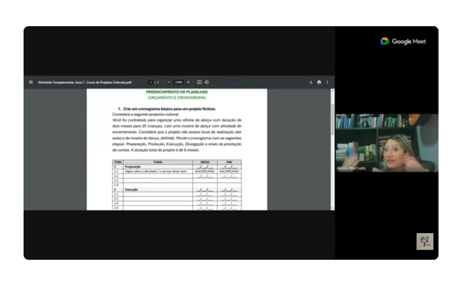 A aula, que faz parte de uma formação gratuita destinada a gestores culturais, artistas, produtores e técnicos do setor, teve como objetivo principal orientar os alunos na organização do orçamento financeiro e do cronograma físico-operacional de um projeto cultural, dois componentes que frequentemente determinam a aprovação ou não de uma proposta.
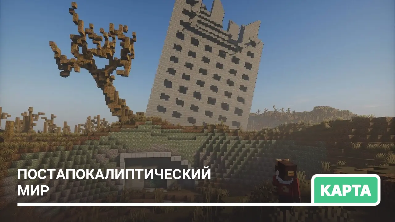 На этой карте вы исследуете постапокалиптический мир с различными локациями и структурами, созданными в классическом ванильном мире для выживания…
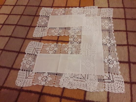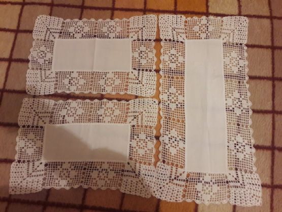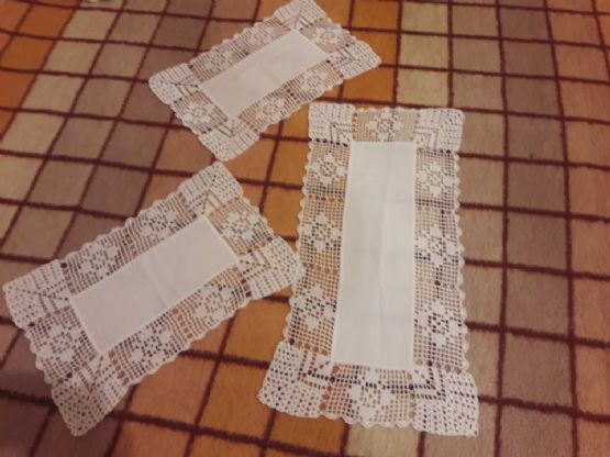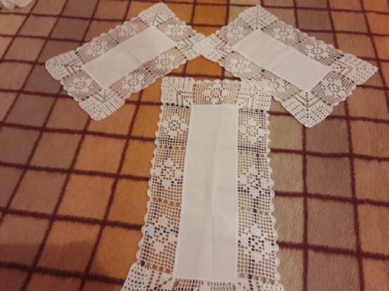 Një centro e madhe me përmasat 55cm x26cmDy centro te vogla me përmasat 40cm x25cmE gjithë qëndisja është e realizuar me dorë në cop lino dhe me fije pambuku.
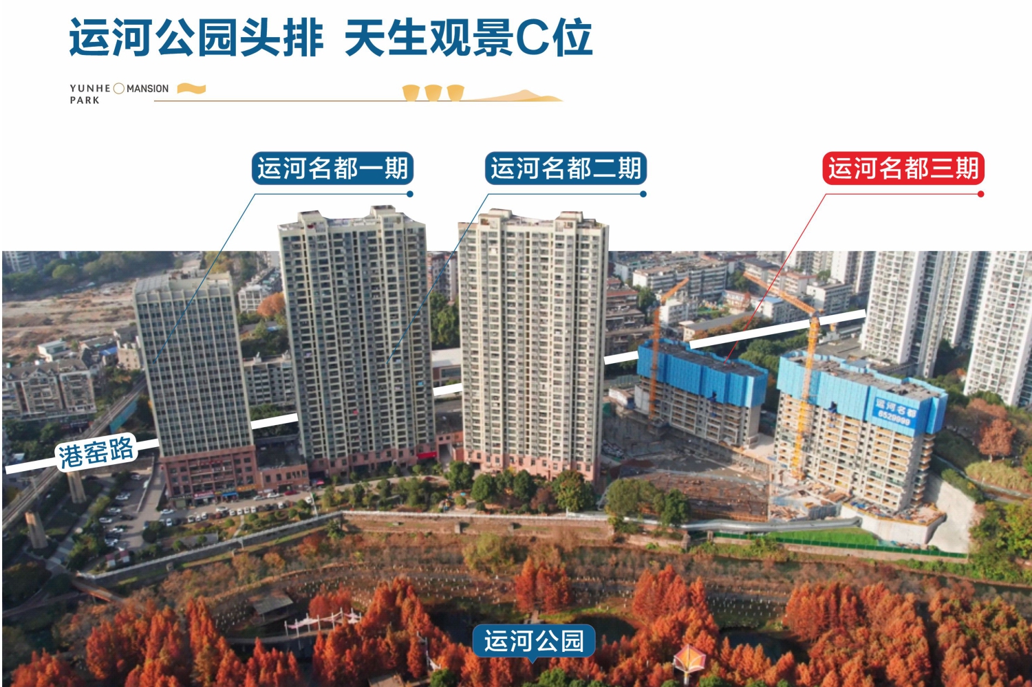31公里运河最美段 ,180亩城央花园,独宠运河名都。运河公园内置10多个景点。春天,春意盎然,郁郁葱葱;夏天有“接天莲叶无穷碧、映日荷花别样红”的满池荷花和嬉戏玩耍的孩童;最美的当属秋天,成片的池杉陆续由绿变为金黄,再转为褐红,视觉非常震撼;冬天银装素裹,风景如画;四季不同的风景,生活便有了不同的场景。
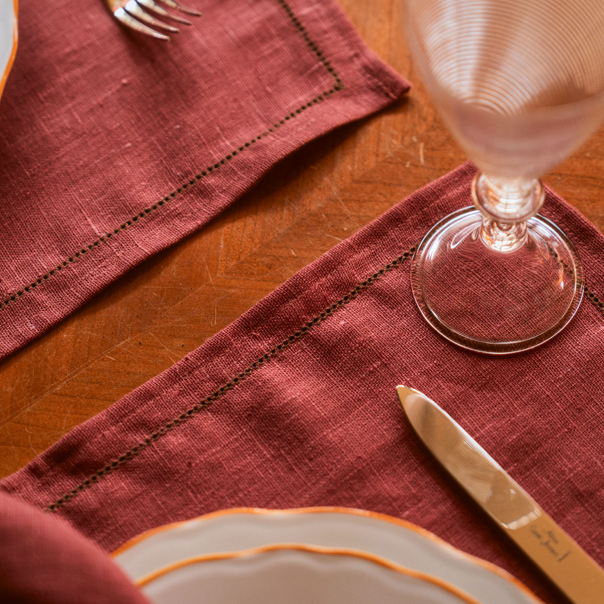 Elevate your dining experience with our Marsala placemats featuring intricate Fern Green hemstitch detailing, the perfect complement to any table setting. These placemats are crafted from the finest linen. A perfect gift when monogrammed.
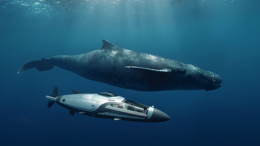 - Sunlit Deep Dive: Futuristic Submersible Tracking Giant Whale Through Open Ocean Depths
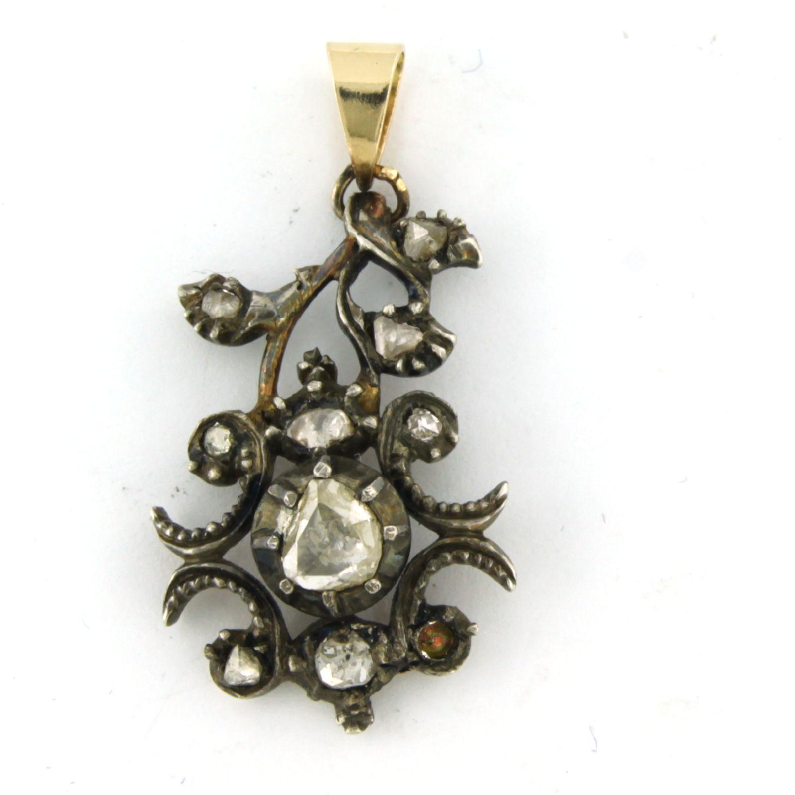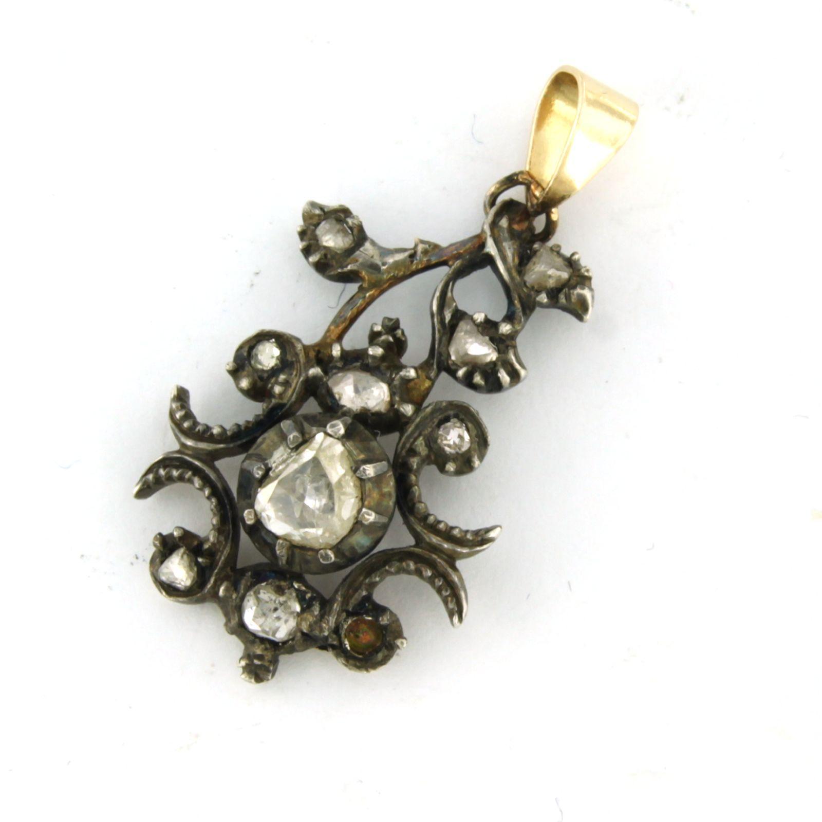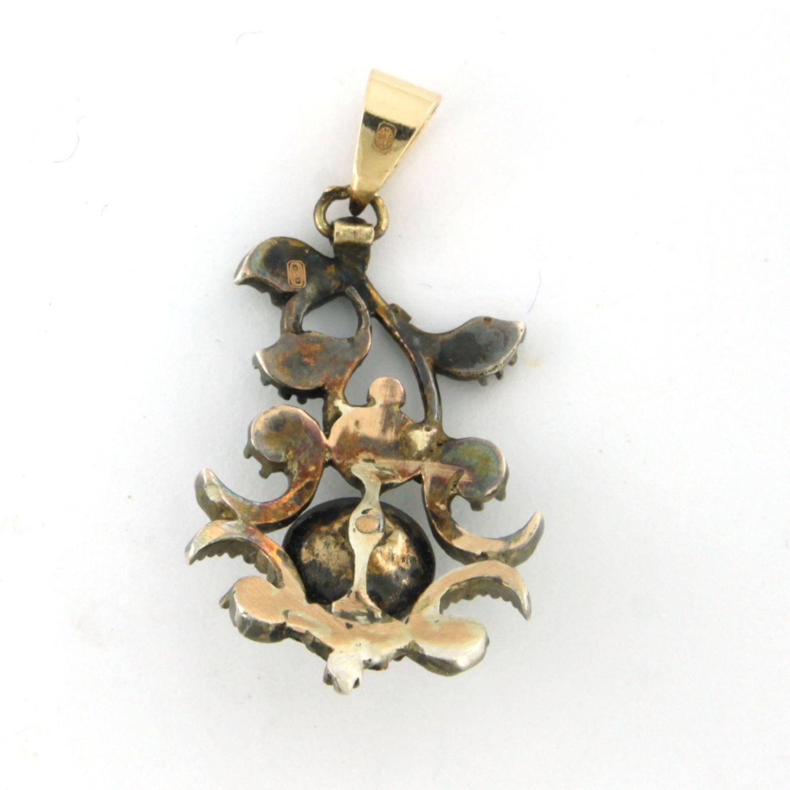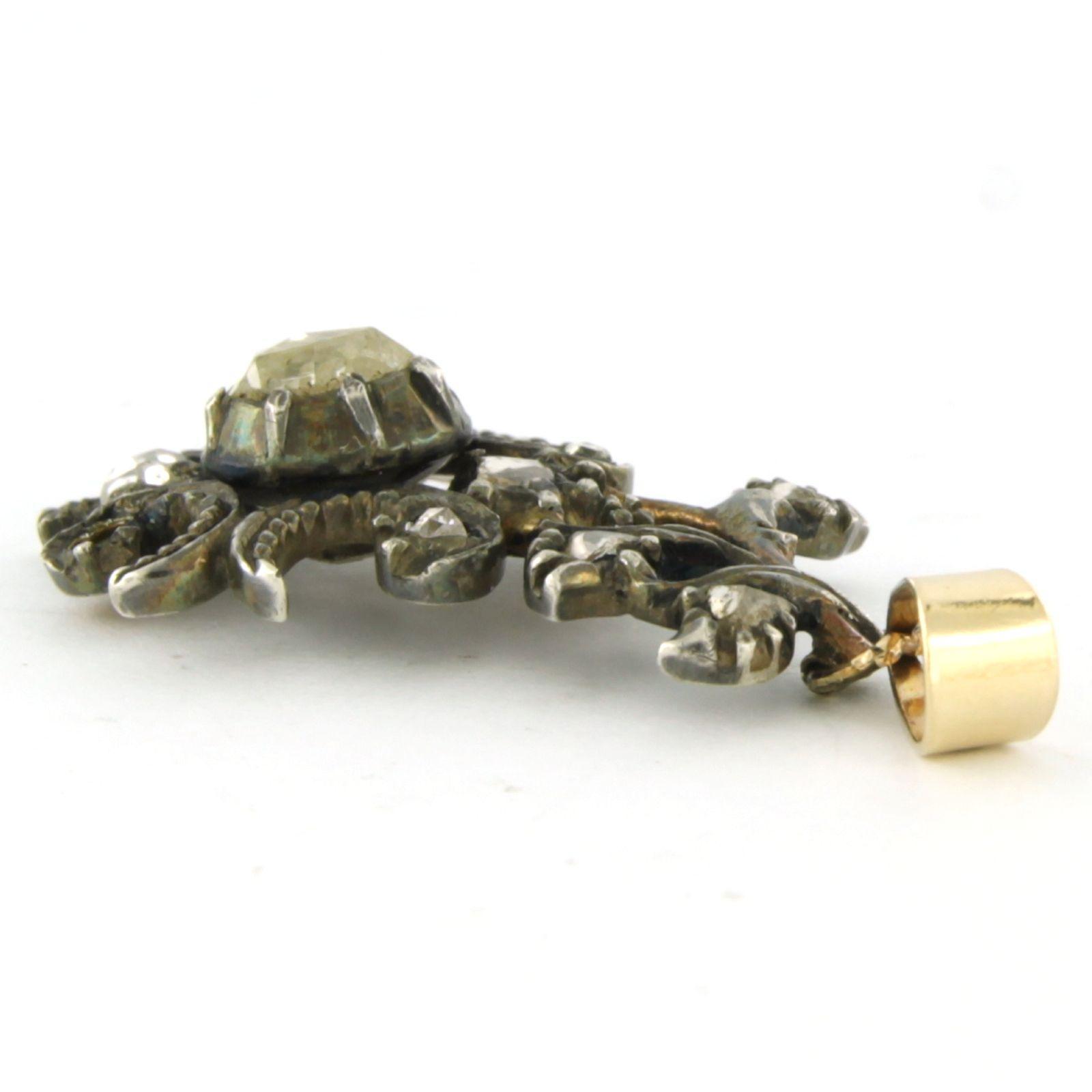 14 Kt. goud met zilver hanger bezet met roos geslepen diamanten totaal 0.30 ct
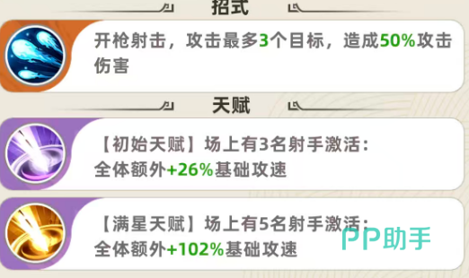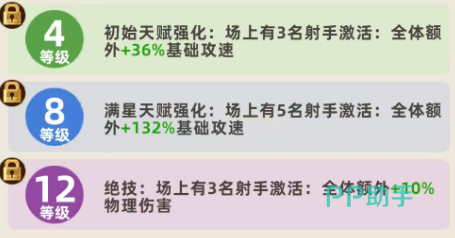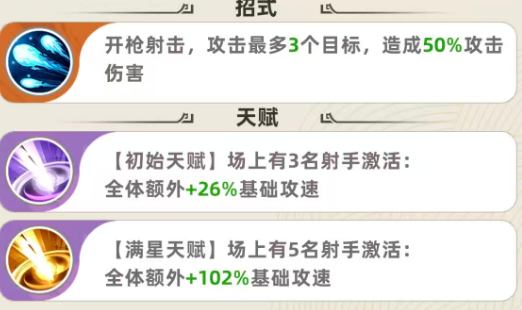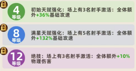 羁绊协同方面,马可波罗对射手体系有极强适配性。当场上存在3名射手时,其初始天赋即可触发全体26%基础攻速提升;该效果可与羁绊加成叠加生效,而非相互覆盖。进入高星阶段后,若达成5射手羁绊并激活马可波罗满星天赋,全队将额外获得102%攻速增益——这一数值在当前版本中属于顶尖水平,甚至超越多数高稀有度射手的极限成长上限。
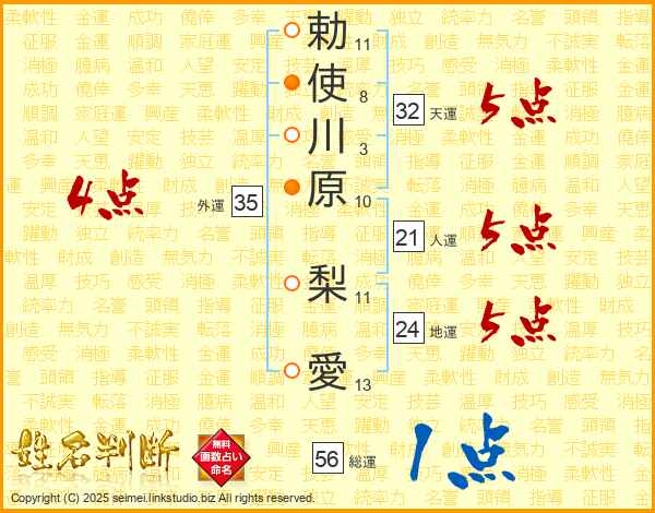 勅使川原梨愛さんの外運は35画の4点!
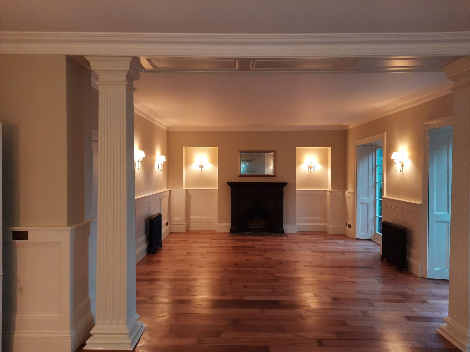 Adding to the room's charm and historical integrity, Patrick Kelly of PJ Carpentry and Joinery installed a beautiful reclaimed oak wooden floor. This choice of flooring not only enhanced the room's elegance but also provided a sustainable option, repurposing wood with a rich history of its own. Patrick's expertise ensured that each plank was expertly laid, creating a stunning, cohesive floor that perfectly complemented the room's classic design.
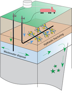 Fracking-Funktionsweise: Gelbe Punkte sind Mini-Erdbeben. Grafik: Clara Yoon

--*--

What you need to do = Nothing but the lines from the line holding "Elevate your dining" through the last line of the entries above is to be reproduced, exactly and without pictures.

Response below =
 Elevate your dining experience with our Marsala placemats featuring intricate Fern Green hemstitch detailing, the perfect complement to any table setting. These placemats are crafted from the finest linen. A perfect gift when monogrammed.
 - Sunlit Deep Dive: Futuristic Submersible Tracking Giant Whale Through Open Ocean Depths
 14 Kt. goud met zilver hanger bezet met roos geslepen diamanten totaal 0.30 ct
 羁绊协同方面,马可波罗对射手体系有极强适配性。当场上存在3名射手时,其初始天赋即可触发全体26%基础攻速提升;该效果可与羁绊加成叠加生效,而非相互覆盖。进入高星阶段后,若达成5射手羁绊并激活马可波罗满星天赋,全队将额外获得102%攻速增益——这一数值在当前版本中属于顶尖水平,甚至超越多数高稀有度射手的极限成长上限。
 勅使川原梨愛さんの外運は35画の4点!
 Adding to the room's charm and historical integrity, Patrick Kelly of PJ Carpentry and Joinery installed a beautiful reclaimed oak wooden floor. This choice of flooring not only enhanced the room's elegance but also provided a sustainable option, repurposing wood with a rich history of its own. Patrick's expertise ensured that each plank was expertly laid, creating a stunning, cohesive floor that perfectly complemented the room's classic design.
 Fracking-Funktionsweise: Gelbe Punkte sind Mini-Erdbeben. Grafik: Clara Yoon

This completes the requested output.